Joseph K. Maddry, Allyson A. Arana, Alejandra G. Mora, Crystal A. Perez, Julie E. Cutright, Braden M. Kester, Patrick C. Ng, Steven G. Schauer, Vikhyat S. Bebarta

Research output: Contribution to journalArticlepeer-review

Abstract

INTRODUCTION: The U.S. military currently utilizes unmanned aerial vehicles (UAVs) for reconnaissance and attack missions; however, as combat environment technology advances, there is the increasing likelihood of UAV utilization in prehospital aeromedical evacuation. Although some combat casualties require life-saving interventions (LSIs) during medical evacuation, many do not. Our objective was to describe patients transported from the point of injury to the first level of care and characterize differences between patients who received LSIs en route and those who did not. MATERIALS AND METHODS: We conducted a retrospective review of the records of traumatically injured patients evacuated between January 2011 and March 2014. We compared patient characteristics, complications, and outcomes based on whether they had an LSI performed en route (LSI vs.
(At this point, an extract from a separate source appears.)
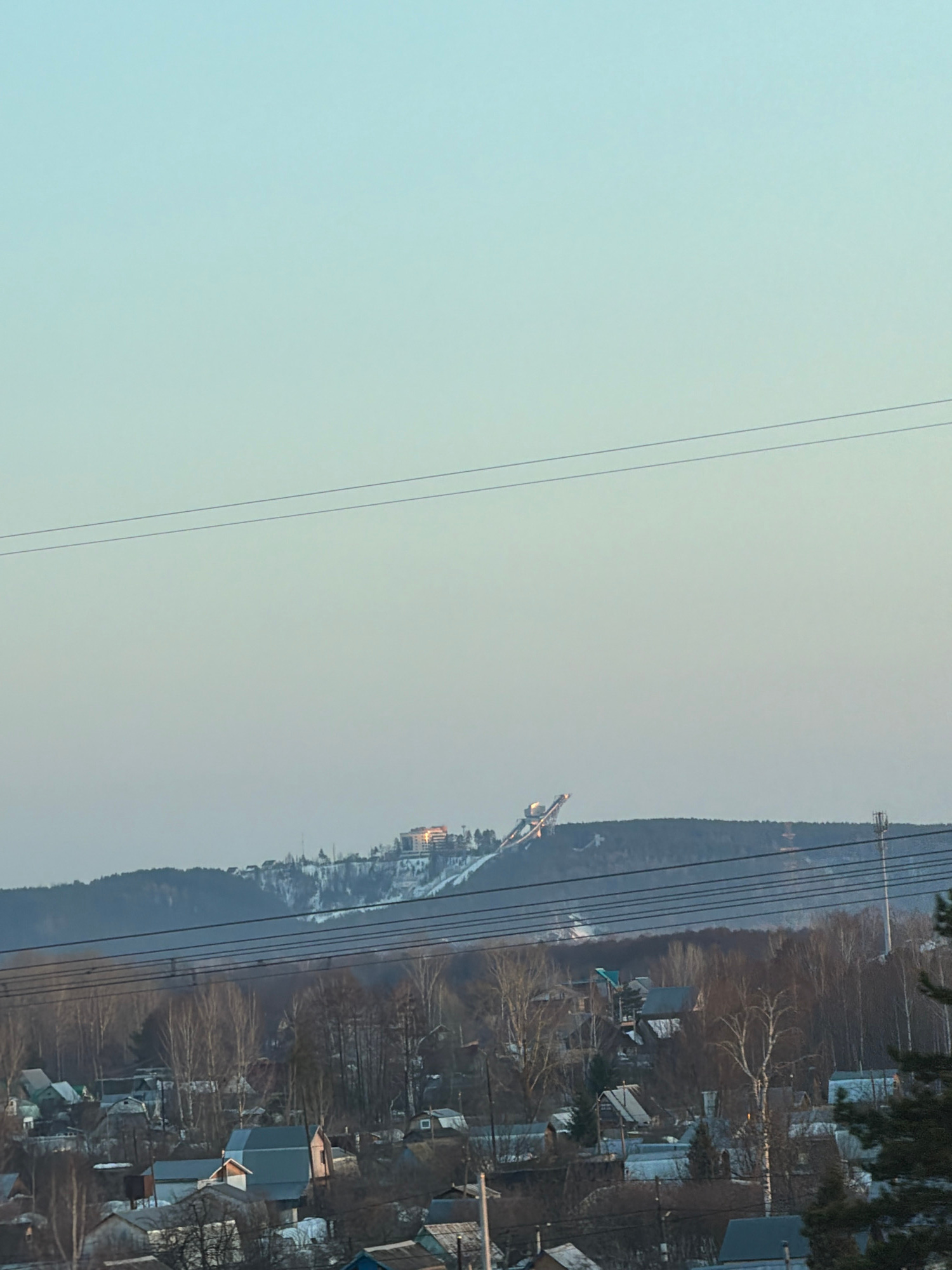 The image presents a panoramic view of a residential and natural landscape in Noviy, Russia, under a clear, pale blue sky. In the foreground, a dense cluster of detached houses with varied roof color…read more

No LSI). We also constructed logistic regression models to determine which characteristics predict uneventful flights (no en route LSI or complications). RESULTS: We examined 1,267 patient records; 47% received an LSI en route. Most patients (72%) sustained a blast injury and injuries to the extremities and head. Over 78% experienced complications en route; the LSI group had higher rates of complications compared to the No LSI group. Logistic regression showed that having a blunt injury or the highest abbreviated injury scale (AIS) severity score in the head/neck region are significant predictors of having an uneventful flight. CONCLUSION: Approximately half of casualties evaluated in our study did not receive an LSI during transport and may have been transported safely by UAV. Having a blunt injury or the highest AIS severity score in the head/neck region significantly predicted an uneventful flight.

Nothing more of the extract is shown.